Copy out the records so that each line matches the original.

Records from a data collection:

==========

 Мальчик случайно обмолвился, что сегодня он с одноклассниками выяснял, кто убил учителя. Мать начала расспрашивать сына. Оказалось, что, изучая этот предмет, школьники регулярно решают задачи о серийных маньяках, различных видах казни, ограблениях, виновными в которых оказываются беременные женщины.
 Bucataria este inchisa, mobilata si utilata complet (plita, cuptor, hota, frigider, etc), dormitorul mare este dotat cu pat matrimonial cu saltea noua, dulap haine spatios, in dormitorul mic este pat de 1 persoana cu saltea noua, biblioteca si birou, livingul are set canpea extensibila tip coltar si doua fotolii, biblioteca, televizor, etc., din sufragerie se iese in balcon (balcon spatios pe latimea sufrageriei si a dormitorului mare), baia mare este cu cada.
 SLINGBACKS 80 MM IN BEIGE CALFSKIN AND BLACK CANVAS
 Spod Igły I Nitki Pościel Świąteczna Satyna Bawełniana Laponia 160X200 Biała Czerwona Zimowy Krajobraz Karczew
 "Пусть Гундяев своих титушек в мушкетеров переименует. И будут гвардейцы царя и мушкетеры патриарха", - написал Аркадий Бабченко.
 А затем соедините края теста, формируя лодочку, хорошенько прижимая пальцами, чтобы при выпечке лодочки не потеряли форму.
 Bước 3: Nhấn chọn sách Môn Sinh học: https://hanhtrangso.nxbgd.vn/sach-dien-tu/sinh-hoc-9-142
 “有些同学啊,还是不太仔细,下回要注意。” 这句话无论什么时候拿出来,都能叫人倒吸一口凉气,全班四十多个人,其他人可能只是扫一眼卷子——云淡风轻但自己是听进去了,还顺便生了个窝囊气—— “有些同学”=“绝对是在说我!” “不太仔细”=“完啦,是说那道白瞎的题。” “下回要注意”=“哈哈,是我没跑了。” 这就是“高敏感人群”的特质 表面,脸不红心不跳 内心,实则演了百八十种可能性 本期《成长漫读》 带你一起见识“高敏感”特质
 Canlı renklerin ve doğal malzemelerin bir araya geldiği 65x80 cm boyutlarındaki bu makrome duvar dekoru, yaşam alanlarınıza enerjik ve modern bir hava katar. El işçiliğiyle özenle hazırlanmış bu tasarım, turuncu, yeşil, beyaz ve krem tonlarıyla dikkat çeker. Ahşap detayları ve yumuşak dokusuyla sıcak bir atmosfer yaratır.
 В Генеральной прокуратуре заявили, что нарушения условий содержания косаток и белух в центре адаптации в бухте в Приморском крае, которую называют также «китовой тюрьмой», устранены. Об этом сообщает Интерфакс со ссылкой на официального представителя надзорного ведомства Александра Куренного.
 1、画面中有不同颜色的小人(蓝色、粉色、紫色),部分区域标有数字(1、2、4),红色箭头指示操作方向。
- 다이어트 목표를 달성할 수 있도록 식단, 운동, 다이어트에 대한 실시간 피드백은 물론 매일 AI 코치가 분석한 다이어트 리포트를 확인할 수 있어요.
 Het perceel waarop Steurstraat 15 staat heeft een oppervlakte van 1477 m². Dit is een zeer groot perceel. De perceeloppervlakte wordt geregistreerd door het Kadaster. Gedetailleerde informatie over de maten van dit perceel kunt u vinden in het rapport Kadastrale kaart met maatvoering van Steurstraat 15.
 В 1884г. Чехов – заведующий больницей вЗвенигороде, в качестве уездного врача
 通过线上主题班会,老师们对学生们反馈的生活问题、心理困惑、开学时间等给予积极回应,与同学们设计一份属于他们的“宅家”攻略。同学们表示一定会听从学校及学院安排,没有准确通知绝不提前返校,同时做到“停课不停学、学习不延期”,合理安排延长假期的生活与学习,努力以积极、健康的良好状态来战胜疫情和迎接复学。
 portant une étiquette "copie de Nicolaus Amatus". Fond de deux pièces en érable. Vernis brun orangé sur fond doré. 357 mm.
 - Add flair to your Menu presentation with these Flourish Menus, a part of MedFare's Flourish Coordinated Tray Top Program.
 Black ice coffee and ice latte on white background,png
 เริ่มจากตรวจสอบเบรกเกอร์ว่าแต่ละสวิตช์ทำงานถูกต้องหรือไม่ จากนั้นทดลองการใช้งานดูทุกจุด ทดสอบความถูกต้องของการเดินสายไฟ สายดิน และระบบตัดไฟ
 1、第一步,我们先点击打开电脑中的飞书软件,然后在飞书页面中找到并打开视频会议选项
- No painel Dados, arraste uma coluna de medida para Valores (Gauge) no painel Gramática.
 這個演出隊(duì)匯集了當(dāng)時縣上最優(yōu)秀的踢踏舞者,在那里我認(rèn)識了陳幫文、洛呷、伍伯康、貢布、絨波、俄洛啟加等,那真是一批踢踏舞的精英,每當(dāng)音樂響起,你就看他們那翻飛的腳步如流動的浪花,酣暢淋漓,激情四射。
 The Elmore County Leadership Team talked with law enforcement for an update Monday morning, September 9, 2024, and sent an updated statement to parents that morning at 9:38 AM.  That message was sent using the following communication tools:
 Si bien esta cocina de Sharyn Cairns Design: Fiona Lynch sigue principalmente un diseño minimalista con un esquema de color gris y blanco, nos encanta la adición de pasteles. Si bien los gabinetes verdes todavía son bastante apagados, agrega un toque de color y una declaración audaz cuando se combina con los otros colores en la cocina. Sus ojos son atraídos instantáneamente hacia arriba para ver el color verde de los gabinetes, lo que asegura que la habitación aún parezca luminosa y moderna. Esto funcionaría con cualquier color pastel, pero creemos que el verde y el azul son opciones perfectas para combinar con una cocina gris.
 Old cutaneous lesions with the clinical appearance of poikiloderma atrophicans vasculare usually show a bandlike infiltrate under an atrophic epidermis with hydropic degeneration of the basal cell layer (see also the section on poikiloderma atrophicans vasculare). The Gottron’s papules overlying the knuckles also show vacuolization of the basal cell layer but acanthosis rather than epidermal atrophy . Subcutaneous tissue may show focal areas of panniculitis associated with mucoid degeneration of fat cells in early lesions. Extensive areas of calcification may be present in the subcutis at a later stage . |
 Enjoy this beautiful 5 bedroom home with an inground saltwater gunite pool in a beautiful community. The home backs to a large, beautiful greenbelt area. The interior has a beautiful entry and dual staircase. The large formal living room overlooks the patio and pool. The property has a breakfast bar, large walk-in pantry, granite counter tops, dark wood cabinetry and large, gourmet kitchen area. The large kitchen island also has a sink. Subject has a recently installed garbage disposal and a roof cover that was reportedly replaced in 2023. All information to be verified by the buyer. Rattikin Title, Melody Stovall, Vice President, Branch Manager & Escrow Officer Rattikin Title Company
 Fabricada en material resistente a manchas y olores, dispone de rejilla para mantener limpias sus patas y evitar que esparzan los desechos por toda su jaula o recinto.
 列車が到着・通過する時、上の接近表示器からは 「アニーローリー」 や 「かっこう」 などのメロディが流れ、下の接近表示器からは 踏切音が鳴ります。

==========

- RESULT FOR THIS EXERCISE
 Мальчик случайно обмолвился, что сегодня он с одноклассниками выяснял, кто убил учителя. Мать начала расспрашивать сына. Оказалось, что, изучая этот предмет, школьники регулярно решают задачи о серийных маньяках, различных видах казни, ограблениях, виновными в которых оказываются беременные женщины.
 Bucataria este inchisa, mobilata si utilata complet (plita, cuptor, hota, frigider, etc), dormitorul mare este dotat cu pat matrimonial cu saltea noua, dulap haine spatios, in dormitorul mic este pat de 1 persoana cu saltea noua, biblioteca si birou, livingul are set canpea extensibila tip coltar si doua fotolii, biblioteca, televizor, etc., din sufragerie se iese in balcon (balcon spatios pe latimea sufrageriei si a dormitorului mare), baia mare este cu cada.
 SLINGBACKS 80 MM IN BEIGE CALFSKIN AND BLACK CANVAS
 Spod Igły I Nitki Pościel Świąteczna Satyna Bawełniana Laponia 160X200 Biała Czerwona Zimowy Krajobraz Karczew
 "Пусть Гундяев своих титушек в мушкетеров переименует. И будут гвардейцы царя и мушкетеры патриарха", - написал Аркадий Бабченко.
 А затем соедините края теста, формируя лодочку, хорошенько прижимая пальцами, чтобы при выпечке лодочки не потеряли форму.
 Bước 3: Nhấn chọn sách Môn Sinh học: https://hanhtrangso.nxbgd.vn/sach-dien-tu/sinh-hoc-9-142
 “有些同学啊,还是不太仔细,下回要注意。” 这句话无论什么时候拿出来,都能叫人倒吸一口凉气,全班四十多个人,其他人可能只是扫一眼卷子——云淡风轻但自己是听进去了,还顺便生了个窝囊气—— “有些同学”=“绝对是在说我!” “不太仔细”=“完啦,是说那道白瞎的题。” “下回要注意”=“哈哈,是我没跑了。” 这就是“高敏感人群”的特质 表面,脸不红心不跳 内心,实则演了百八十种可能性 本期《成长漫读》 带你一起见识“高敏感”特质
 Canlı renklerin ve doğal malzemelerin bir araya geldiği 65x80 cm boyutlarındaki bu makrome duvar dekoru, yaşam alanlarınıza enerjik ve modern bir hava katar. El işçiliğiyle özenle hazırlanmış bu tasarım, turuncu, yeşil, beyaz ve krem tonlarıyla dikkat çeker. Ahşap detayları ve yumuşak dokusuyla sıcak bir atmosfer yaratır.
 В Генеральной прокуратуре заявили, что нарушения условий содержания косаток и белух в центре адаптации в бухте в Приморском крае, которую называют также «китовой тюрьмой», устранены. Об этом сообщает Интерфакс со ссылкой на официального представителя надзорного ведомства Александра Куренного.
 1、画面中有不同颜色的小人(蓝色、粉色、紫色),部分区域标有数字(1、2、4),红色箭头指示操作方向。
- 다이어트 목표를 달성할 수 있도록 식단, 운동, 다이어트에 대한 실시간 피드백은 물론 매일 AI 코치가 분석한 다이어트 리포트를 확인할 수 있어요.
 Het perceel waarop Steurstraat 15 staat heeft een oppervlakte van 1477 m². Dit is een zeer groot perceel. De perceeloppervlakte wordt geregistreerd door het Kadaster. Gedetailleerde informatie over de maten van dit perceel kunt u vinden in het rapport Kadastrale kaart met maatvoering van Steurstraat 15.
 В 1884г. Чехов – заведующий больницей вЗвенигороде, в качестве уездного врача
 通过线上主题班会,老师们对学生们反馈的生活问题、心理困惑、开学时间等给予积极回应,与同学们设计一份属于他们的“宅家”攻略。同学们表示一定会听从学校及学院安排,没有准确通知绝不提前返校,同时做到“停课不停学、学习不延期”,合理安排延长假期的生活与学习,努力以积极、健康的良好状态来战胜疫情和迎接复学。
 portant une étiquette "copie de Nicolaus Amatus". Fond de deux pièces en érable. Vernis brun orangé sur fond doré. 357 mm.
 - Add flair to your Menu presentation with these Flourish Menus, a part of MedFare's Flourish Coordinated Tray Top Program.
 Black ice coffee and ice latte on white background,png
 เริ่มจากตรวจสอบเบรกเกอร์ว่าแต่ละสวิตช์ทำงานถูกต้องหรือไม่ จากนั้นทดลองการใช้งานดูทุกจุด ทดสอบความถูกต้องของการเดินสายไฟ สายดิน และระบบตัดไฟ
 1、第一步,我们先点击打开电脑中的飞书软件,然后在飞书页面中找到并打开视频会议选项
- No painel Dados, arraste uma coluna de medida para Valores (Gauge) no painel Gramática.
 這個演出隊(duì)匯集了當(dāng)時縣上最優(yōu)秀的踢踏舞者,在那里我認(rèn)識了陳幫文、洛呷、伍伯康、貢布、絨波、俄洛啟加等,那真是一批踢踏舞的精英,每當(dāng)音樂響起,你就看他們那翻飛的腳步如流動的浪花,酣暢淋漓,激情四射。
 The Elmore County Leadership Team talked with law enforcement for an update Monday morning, September 9, 2024, and sent an updated statement to parents that morning at 9:38 AM.  That message was sent using the following communication tools:
 Si bien esta cocina de Sharyn Cairns Design: Fiona Lynch sigue principalmente un diseño minimalista con un esquema de color gris y blanco, nos encanta la adición de pasteles. Si bien los gabinetes verdes todavía son bastante apagados, agrega un toque de color y una declaración audaz cuando se combina con los otros colores en la cocina. Sus ojos son atraídos instantáneamente hacia arriba para ver el color verde de los gabinetes, lo que asegura que la habitación aún parezca luminosa y moderna. Esto funcionaría con cualquier color pastel, pero creemos que el verde y el azul son opciones perfectas para combinar con una cocina gris.
 Old cutaneous lesions with the clinical appearance of poikiloderma atrophicans vasculare usually show a bandlike infiltrate under an atrophic epidermis with hydropic degeneration of the basal cell layer (see also the section on poikiloderma atrophicans vasculare). The Gottron’s papules overlying the knuckles also show vacuolization of the basal cell layer but acanthosis rather than epidermal atrophy . Subcutaneous tissue may show focal areas of panniculitis associated with mucoid degeneration of fat cells in early lesions. Extensive areas of calcification may be present in the subcutis at a later stage . |
 Enjoy this beautiful 5 bedroom home with an inground saltwater gunite pool in a beautiful community. The home backs to a large, beautiful greenbelt area. The interior has a beautiful entry and dual staircase. The large formal living room overlooks the patio and pool. The property has a breakfast bar, large walk-in pantry, granite counter tops, dark wood cabinetry and large, gourmet kitchen area. The large kitchen island also has a sink. Subject has a recently installed garbage disposal and a roof cover that was reportedly replaced in 2023. All information to be verified by the buyer. Rattikin Title, Melody Stovall, Vice President, Branch Manager & Escrow Officer Rattikin Title Company
 Fabricada en material resistente a manchas y olores, dispone de rejilla para mantener limpias sus patas y evitar que esparzan los desechos por toda su jaula o recinto.
 列車が到着・通過する時、上の接近表示器からは 「アニーローリー」 や 「かっこう」 などのメロディが流れ、下の接近表示器からは 踏切音が鳴ります。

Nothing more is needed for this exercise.